WHAT THE TASK ASKS – Set down the records once more, please, exactly and with the pictures left out.

SOURCE DATA –
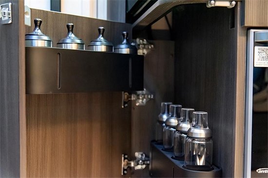 在床位的下方配有洗衣机,采用内嵌式设计,不占用车内空间,平时换洗衣物也很方便。卫生间采用整体式设计,内部空间较为宽敞,设施非常齐全,配有淋浴花洒、洗手池、置物架、毛巾架、浴室镜、房车专用马桶等,顶部还配有换气扇,保证了内部空气的流通!在晚上的时候,冲一个热水澡,消除你在旅途中的疲劳!
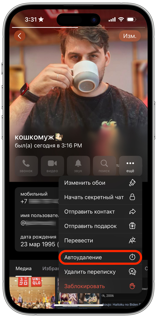Автоудаление отличается от секретных чатов тем, что доступно в любых переписках и синхронизируется между всеми вашими устройствами. В этом режиме все новые сообщения будут удаляться у всех участников через выбранный промежуток времени, независимо от того, успел их собеседник прочитать или нет.
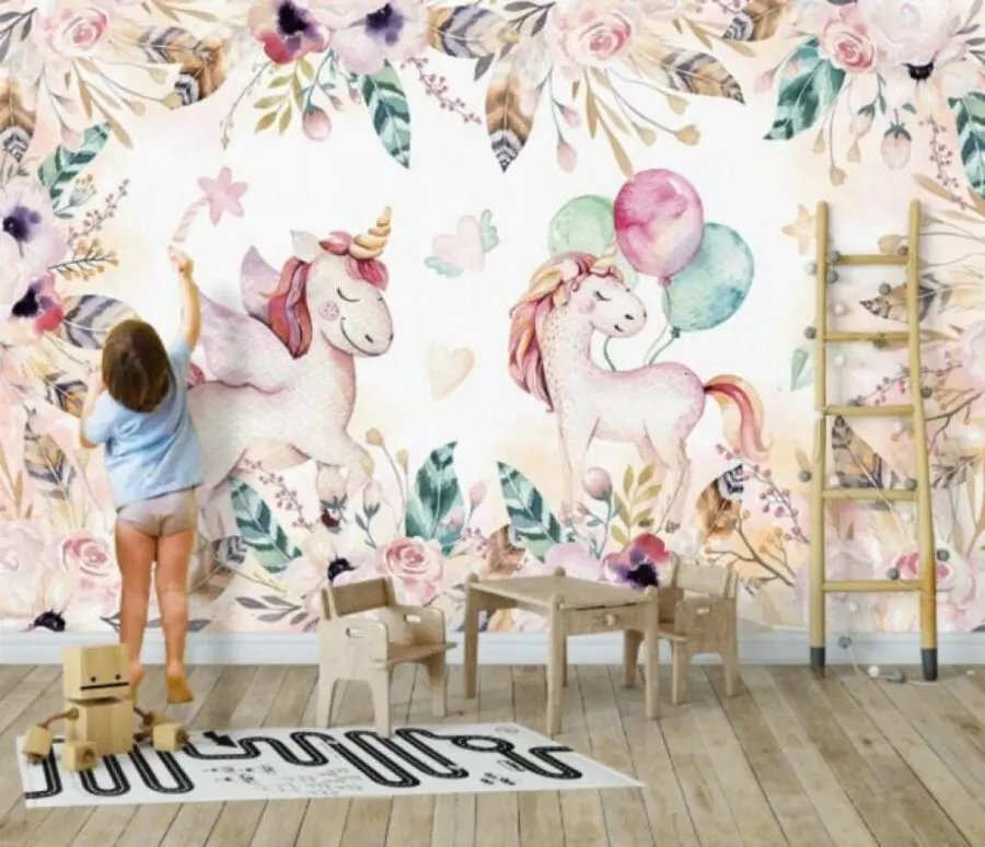 Transform a child’s room into a whimsical wonderland with this charming “Watercolor Unicorn with Balloons” mural. Picture it: pastel shades dancing across the wall, unicorns prancing about, and balloons in hand—what’s not to love? Each glance brings a little sprinkle of joy, perfect for igniting imagination. This mural doesn’t just decorate; it tells a playful story. Kids can dream of cozy adventures in a world where magic is real. Hang it up and watch as the space fills with laughter and inspiration. Because every room deserves a touch of enchantment!
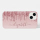 Custom elegant and girly iPhone case featuring dripping pink rose gold faux glitter on an ombre rose gold background. Personalize with your name in a stylish trendy rose gold script with swashes.
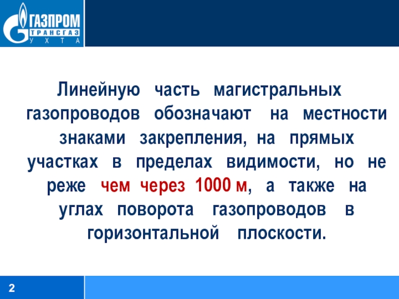Слайд 2Линейную часть магистральных газопроводов обозначают на
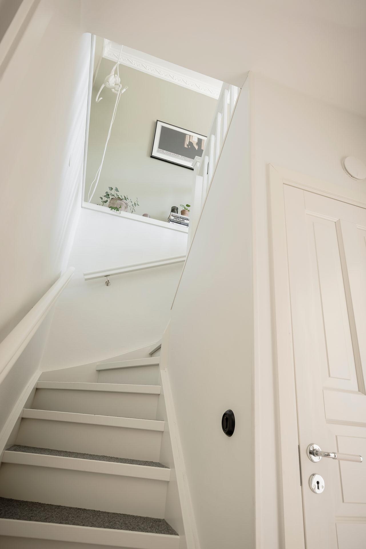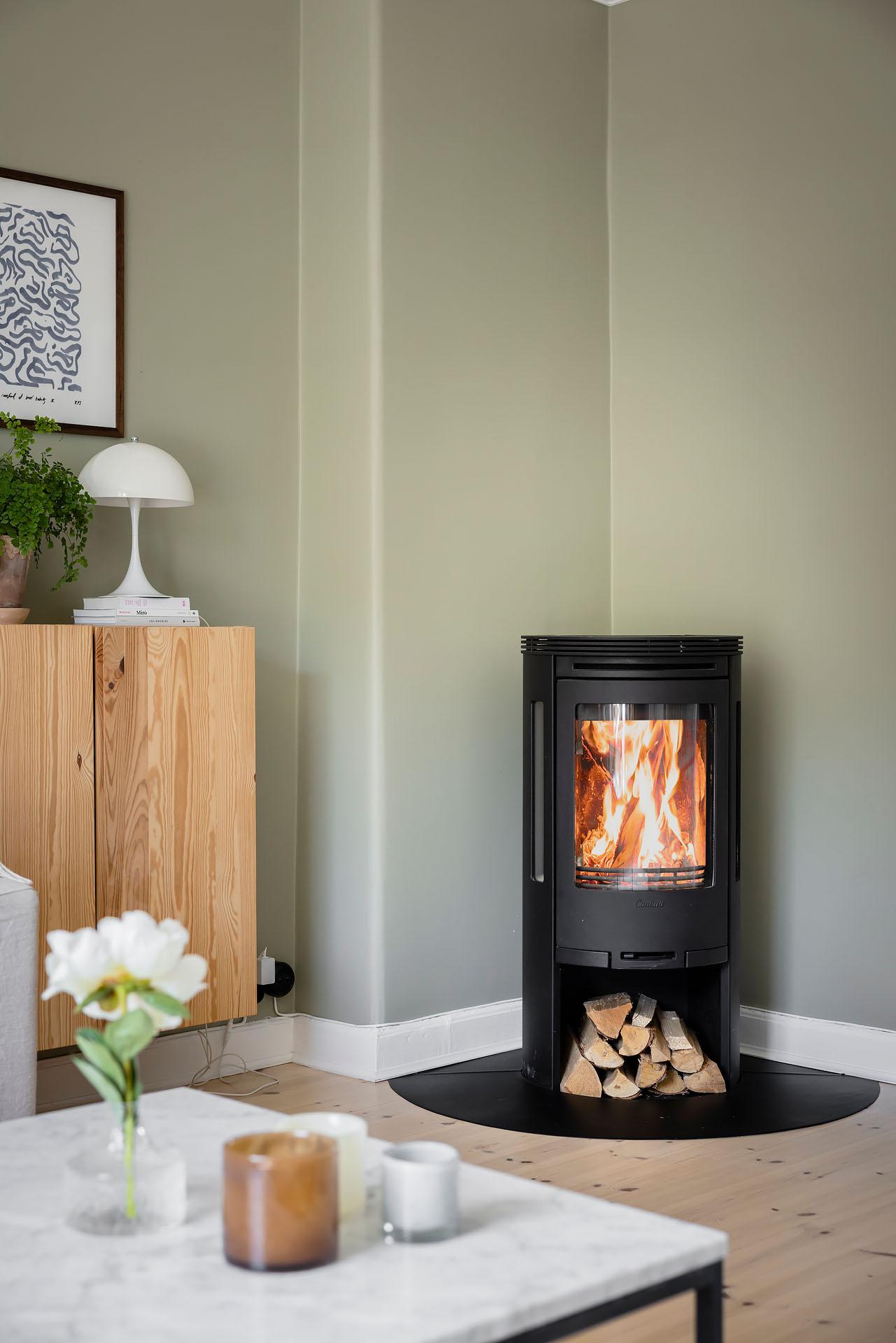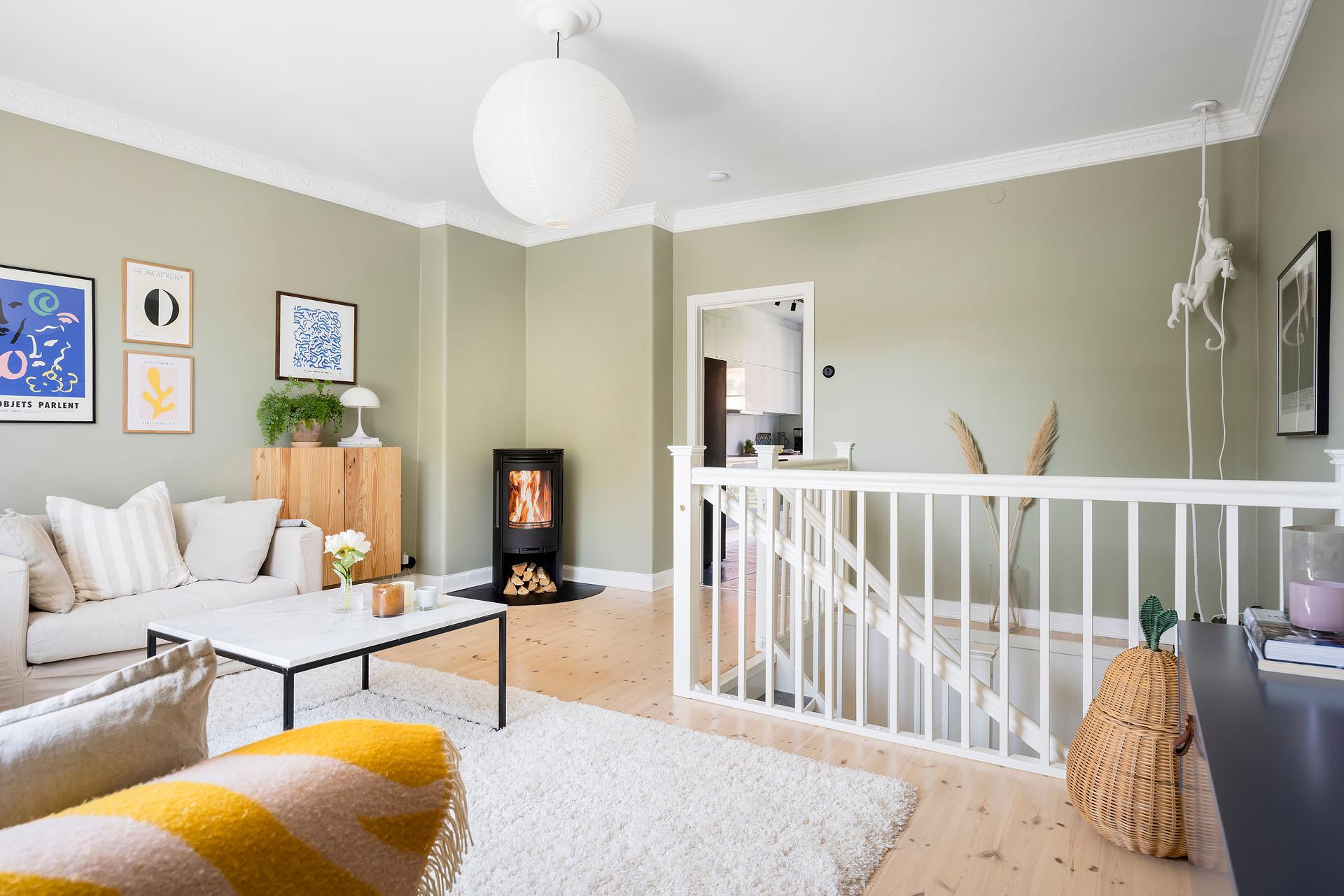 Det vilar en känsla av hemtrevnad över lägenheten, och de framtagna brädgolven skapar en ombonad atmosfär. Den genomgående planlösningen låter dagsljuset flöda, och grönskan utanför fönstren och balkongen är rogivande. Tack vare den öppna ytan utanför fönstren i söder orkar solljuset sig in även under vinterhalvåret, och efter att mörkret väl lagt sig är det mysigt att elda i vardagsrummets braskamin. Planlösningen är lika enkel som självklar – två våningsplan som följer dygnets rytm. Utrymme för umgänge på övervåningen och lugna rum att dra sig tillbaka till på nedervåningen. Att våningarna har varsin entré är också väldigt behändigt.
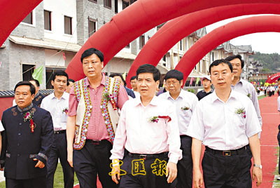 ■「七彩雲南香港行」的成功舉辦,使更多的港商參與雲南旅遊投資。圖為雲南省省長秦光榮(前排右2)視察港資參與建設的彝族文化大觀園項目。 本報記者和向紅 攝
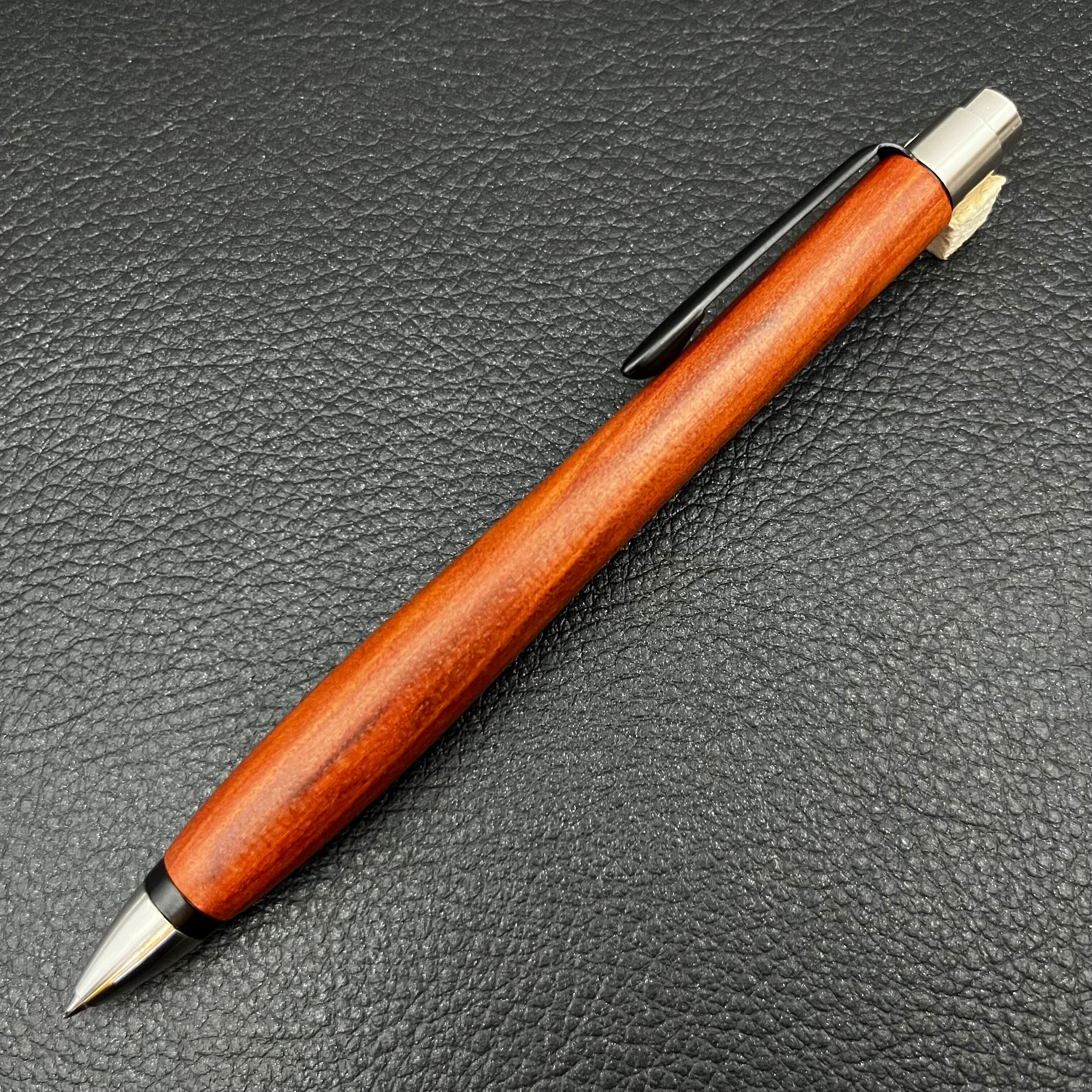 ボールペンのノックシステムは、ドイツ最高のクリックメカニズムを採用してあります。このメカニズムはユニークな機構のため、クリックしたときのカチカチ音が静かで、どんな場所でも気兼ねなく使うことができます。滑らかに動くこのプッシュ感覚を一度味わうと他には戻れなくなってしまうほどの魅力があります。 100分の1単位の加工精度で削り出されたペン先は、軸ブレも全くありません。

EXPECTED ANSWER –
 在床位的下方配有洗衣机,采用内嵌式设计,不占用车内空间,平时换洗衣物也很方便。卫生间采用整体式设计,内部空间较为宽敞,设施非常齐全,配有淋浴花洒、洗手池、置物架、毛巾架、浴室镜、房车专用马桶等,顶部还配有换气扇,保证了内部空气的流通!在晚上的时候,冲一个热水澡,消除你在旅途中的疲劳!
Автоудаление отличается от секретных чатов тем, что доступно в любых переписках и синхронизируется между всеми вашими устройствами. В этом режиме все новые сообщения будут удаляться у всех участников через выбранный промежуток времени, независимо от того, успел их собеседник прочитать или нет.
 Transform a child’s room into a whimsical wonderland with this charming “Watercolor Unicorn with Balloons” mural. Picture it: pastel shades dancing across the wall, unicorns prancing about, and balloons in hand—what’s not to love? Each glance brings a little sprinkle of joy, perfect for igniting imagination. This mural doesn’t just decorate; it tells a playful story. Kids can dream of cozy adventures in a world where magic is real. Hang it up and watch as the space fills with laughter and inspiration. Because every room deserves a touch of enchantment!
 Custom elegant and girly iPhone case featuring dripping pink rose gold faux glitter on an ombre rose gold background. Personalize with your name in a stylish trendy rose gold script with swashes.
Слайд 2Линейную часть магистральных газопроводов обозначают на
 Det vilar en känsla av hemtrevnad över lägenheten, och de framtagna brädgolven skapar en ombonad atmosfär. Den genomgående planlösningen låter dagsljuset flöda, och grönskan utanför fönstren och balkongen är rogivande. Tack vare den öppna ytan utanför fönstren i söder orkar solljuset sig in även under vinterhalvåret, och efter att mörkret väl lagt sig är det mysigt att elda i vardagsrummets braskamin. Planlösningen är lika enkel som självklar – två våningsplan som följer dygnets rytm. Utrymme för umgänge på övervåningen och lugna rum att dra sig tillbaka till på nedervåningen. Att våningarna har varsin entré är också väldigt behändigt.
 ■「七彩雲南香港行」的成功舉辦,使更多的港商參與雲南旅遊投資。圖為雲南省省長秦光榮(前排右2)視察港資參與建設的彝族文化大觀園項目。 本報記者和向紅 攝
 ボールペンのノックシステムは、ドイツ最高のクリックメカニズムを採用してあります。このメカニズムはユニークな機構のため、クリックしたときのカチカチ音が静かで、どんな場所でも気兼ねなく使うことができます。滑らかに動くこのプッシュ感覚を一度味わうと他には戻れなくなってしまうほどの魅力があります。 100分の1単位の加工精度で削り出されたペン先は、軸ブレも全くありません。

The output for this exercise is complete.